Cette réaction du 23 février 2018 suivait l’annonce par le gouvernement qu’il comptait effectivement modifier le Code criminel comme le souhaitait SNC. Il est intéressant de noter au passage que même si une consultation publique avait été annoncée en septembre 2017, SNC estimait déjà un an plus tôt qu’elle saurait en arriver à une entente permanente avec les autorités fédérales et que la poursuite pour corruption ne constituait pas « un risque majeur » :

« Les accusations criminelles qui pèsent sur SNC-Lavalin au Canada ne représentent pas un risque majeur pour la firme d'ingénierie québécoise, croit son président et chef de la direction, Neil Bruce. Au cours d'une conférence destinée aux investisseurs organisée par la Banque CIBC, jeudi, ce dernier a minimisé les risques que l'entreprise puisse à terme se retrouver sur une liste noire l'empêchant de soumissionner pour des contrats fédéraux. […]« Nous estimons que cela pourrait se conclure, si le dossier suit son cours normalement, en 2020 ou 2021, a-t-il affirmé.
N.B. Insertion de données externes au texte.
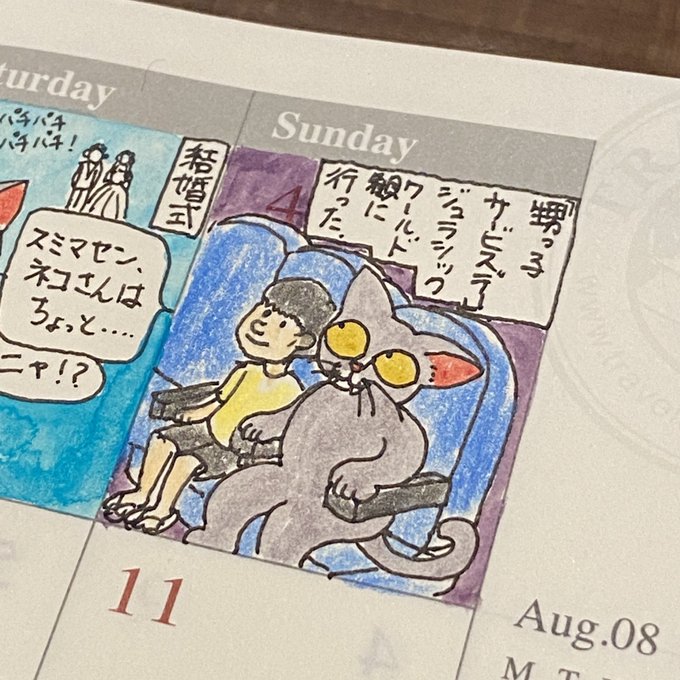 朝からジュラシックワールドを見に行った。 #ジュラシックワールド新たなる支配者 #水彩画 #手帳 #トラベラーズノート #猫 #スケッチジャーナル #マンスリージャーナル #絵 #イラスト #絵描きさんと繫がりたい #イラスト好きな人と繋がりたい
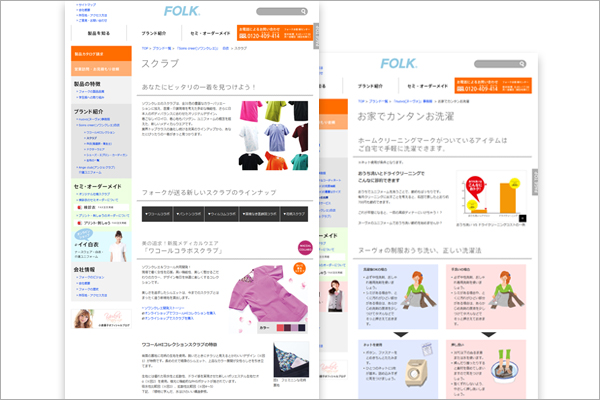 商品の紹介だけではなく、「支払い方法に関する情報」や、「事務服でも自宅で洗濯出来る」といった、「ユーザーが知りたい!」要望にも応える情報サイトとなっています。

Si nous devions être reconnus coupables, nous irions en appel de toute façon. Nous ne voyons pas (cette cause) comme un risque. » […] M. Bruce s'est dit plus optimiste « qu'il y a un ou deux ans » d'en arriver à une entente avec les autorités fédérales d'ici là. » (Arsenault 2016)

SNC tenait donc un discours plus rassurant face à ses investisseurs qu’aux journalistes, eux qui ont souvent relégué l’idée qu’un régime d’APS bénéficierait aux intérêts économiques des employés, propriétaires et partenaires du champion national. Cette variation dans les discours démontre un effort de cadrage des enjeux lorsque SNC invoque auprès de la presse, de façon stratégique et plus alarmiste, le besoin d’APS. À l’inverse, la majorité des analystes économiques se montraient eux aussi rassurants quant à l’impact de la poursuite sur l’avenir de SNC.